##### Information shown
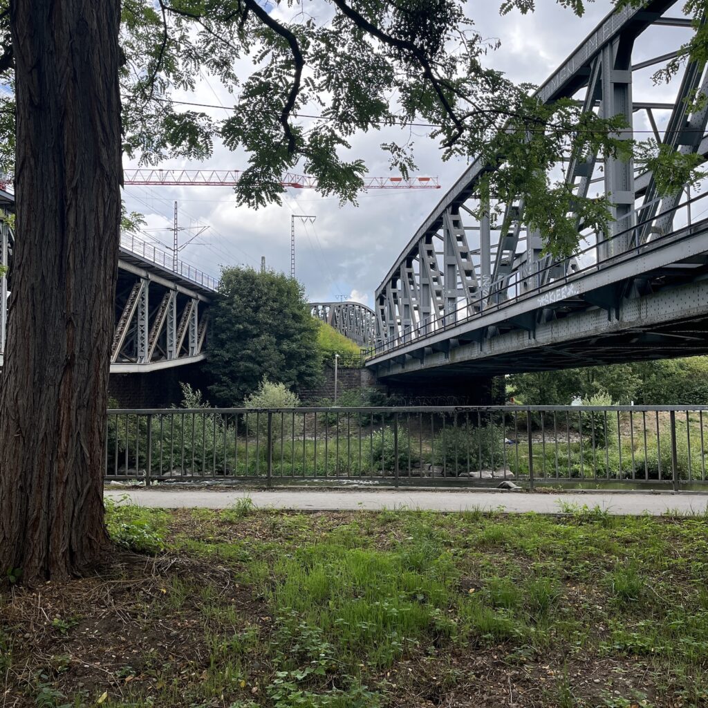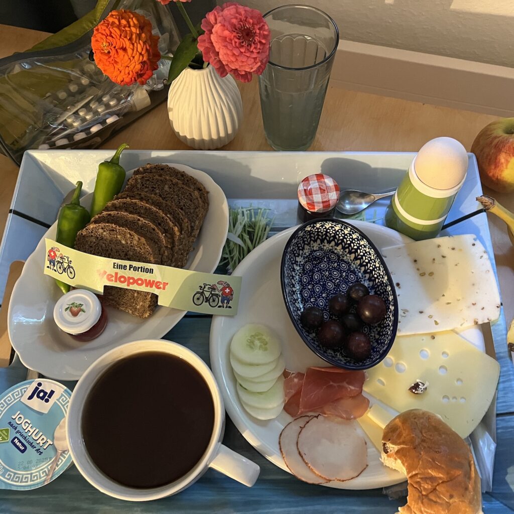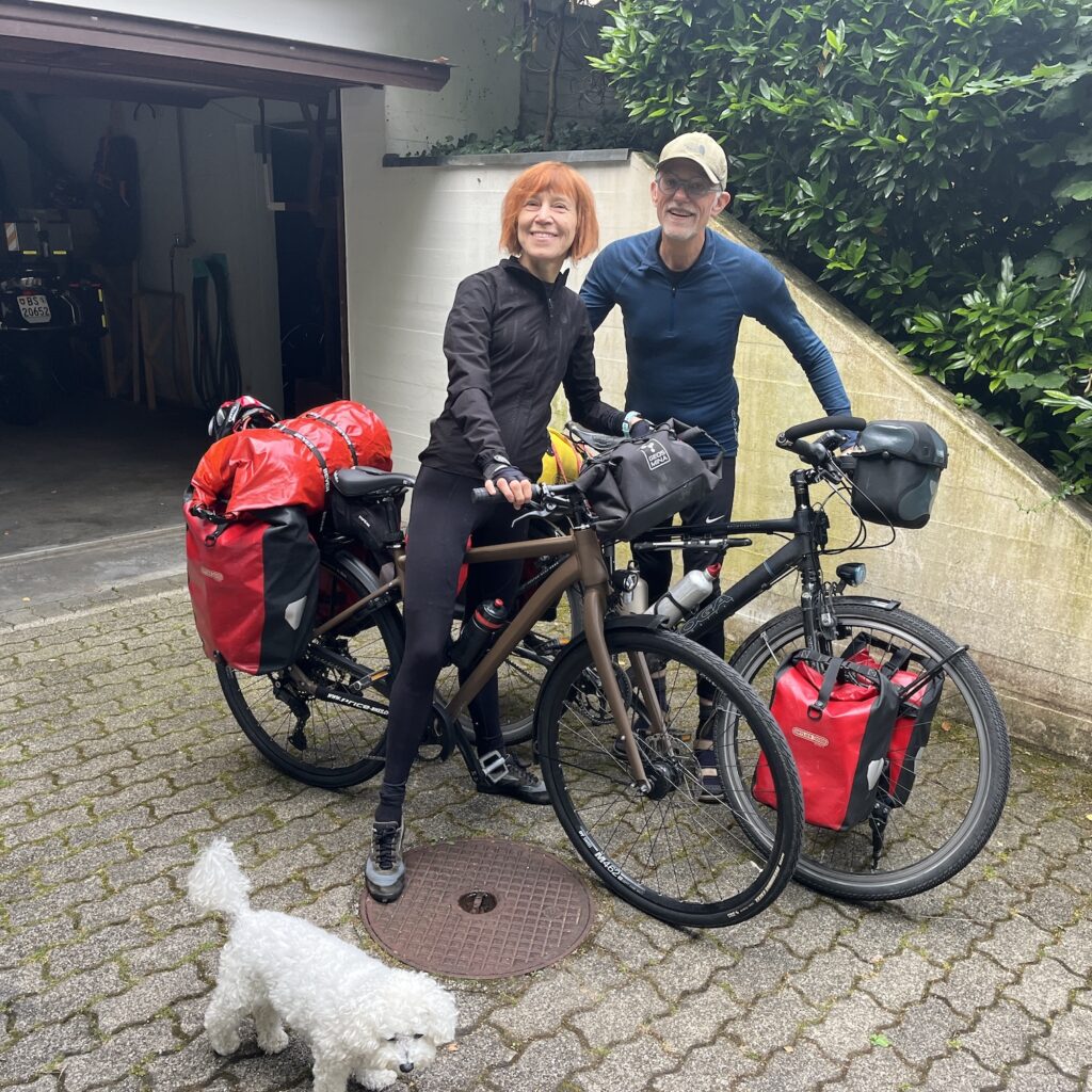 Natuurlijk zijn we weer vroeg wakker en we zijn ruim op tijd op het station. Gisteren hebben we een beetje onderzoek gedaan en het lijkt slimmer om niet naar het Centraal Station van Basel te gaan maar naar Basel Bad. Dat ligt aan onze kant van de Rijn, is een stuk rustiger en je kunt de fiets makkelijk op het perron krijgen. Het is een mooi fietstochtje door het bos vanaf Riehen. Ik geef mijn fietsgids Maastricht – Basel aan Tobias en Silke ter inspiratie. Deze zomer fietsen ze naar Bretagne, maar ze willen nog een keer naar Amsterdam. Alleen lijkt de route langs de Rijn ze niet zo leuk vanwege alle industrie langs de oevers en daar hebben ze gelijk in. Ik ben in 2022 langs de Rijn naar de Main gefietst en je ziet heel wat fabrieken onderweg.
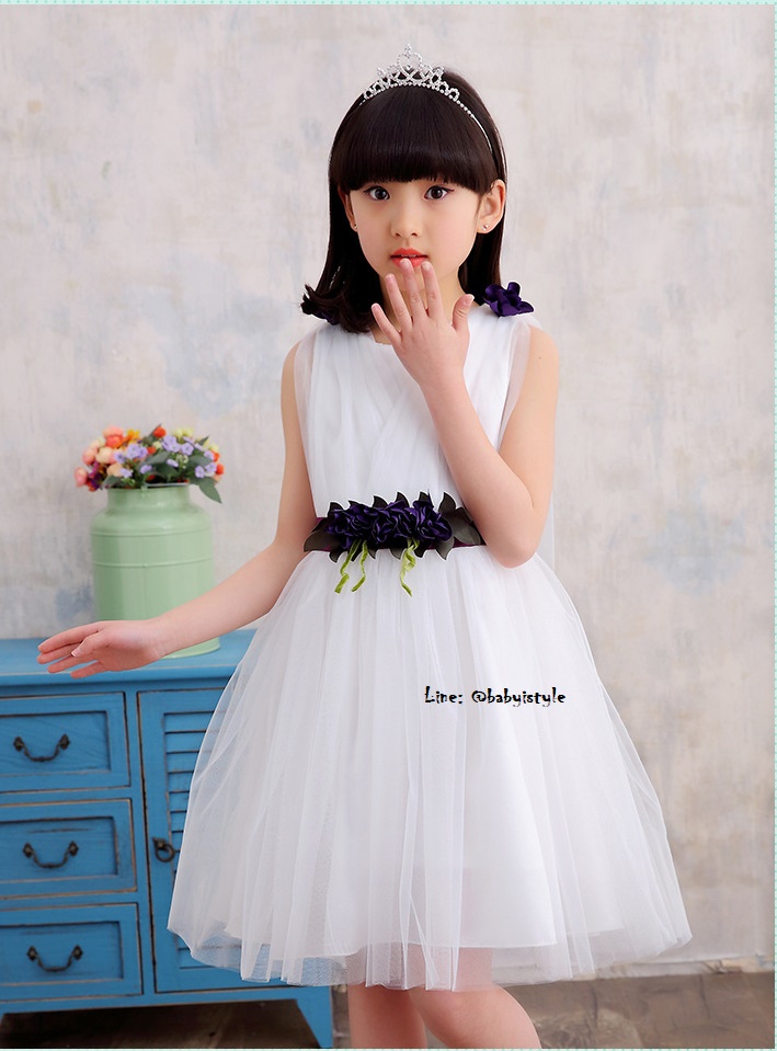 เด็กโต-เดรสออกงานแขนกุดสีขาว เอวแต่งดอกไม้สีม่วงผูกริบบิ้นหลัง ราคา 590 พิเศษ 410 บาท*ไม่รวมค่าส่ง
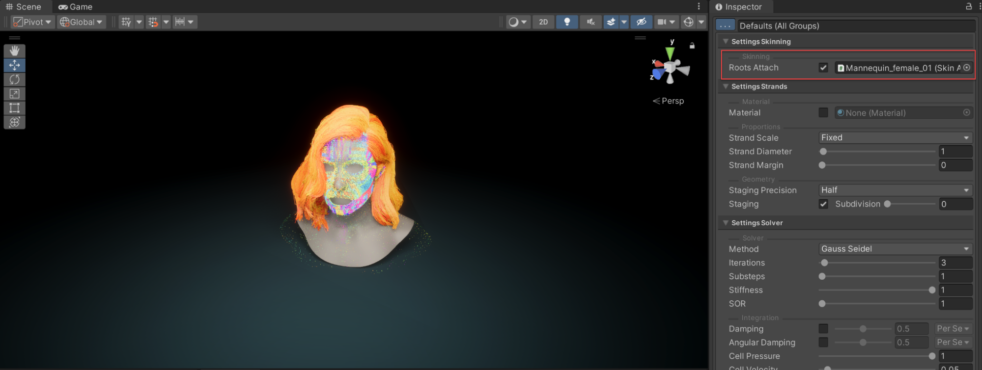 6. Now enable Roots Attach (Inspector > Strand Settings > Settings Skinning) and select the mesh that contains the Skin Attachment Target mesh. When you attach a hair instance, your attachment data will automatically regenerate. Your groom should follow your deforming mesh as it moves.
##########
# Exercise brief
In transcribing the lines above, omit the images and keep all else exact.

# Problem solution
 Natuurlijk zijn we weer vroeg wakker en we zijn ruim op tijd op het station. Gisteren hebben we een beetje onderzoek gedaan en het lijkt slimmer om niet naar het Centraal Station van Basel te gaan maar naar Basel Bad. Dat ligt aan onze kant van de Rijn, is een stuk rustiger en je kunt de fiets makkelijk op het perron krijgen. Het is een mooi fietstochtje door het bos vanaf Riehen. Ik geef mijn fietsgids Maastricht – Basel aan Tobias en Silke ter inspiratie. Deze zomer fietsen ze naar Bretagne, maar ze willen nog een keer naar Amsterdam. Alleen lijkt de route langs de Rijn ze niet zo leuk vanwege alle industrie langs de oevers en daar hebben ze gelijk in. Ik ben in 2022 langs de Rijn naar de Main gefietst en je ziet heel wat fabrieken onderweg.
 เด็กโต-เดรสออกงานแขนกุดสีขาว เอวแต่งดอกไม้สีม่วงผูกริบบิ้นหลัง ราคา 590 พิเศษ 410 บาท*ไม่รวมค่าส่ง
 6. Now enable Roots Attach (Inspector > Strand Settings > Settings Skinning) and select the mesh that contains the Skin Attachment Target mesh. When you attach a hair instance, your attachment data will automatically regenerate. Your groom should follow your deforming mesh as it moves.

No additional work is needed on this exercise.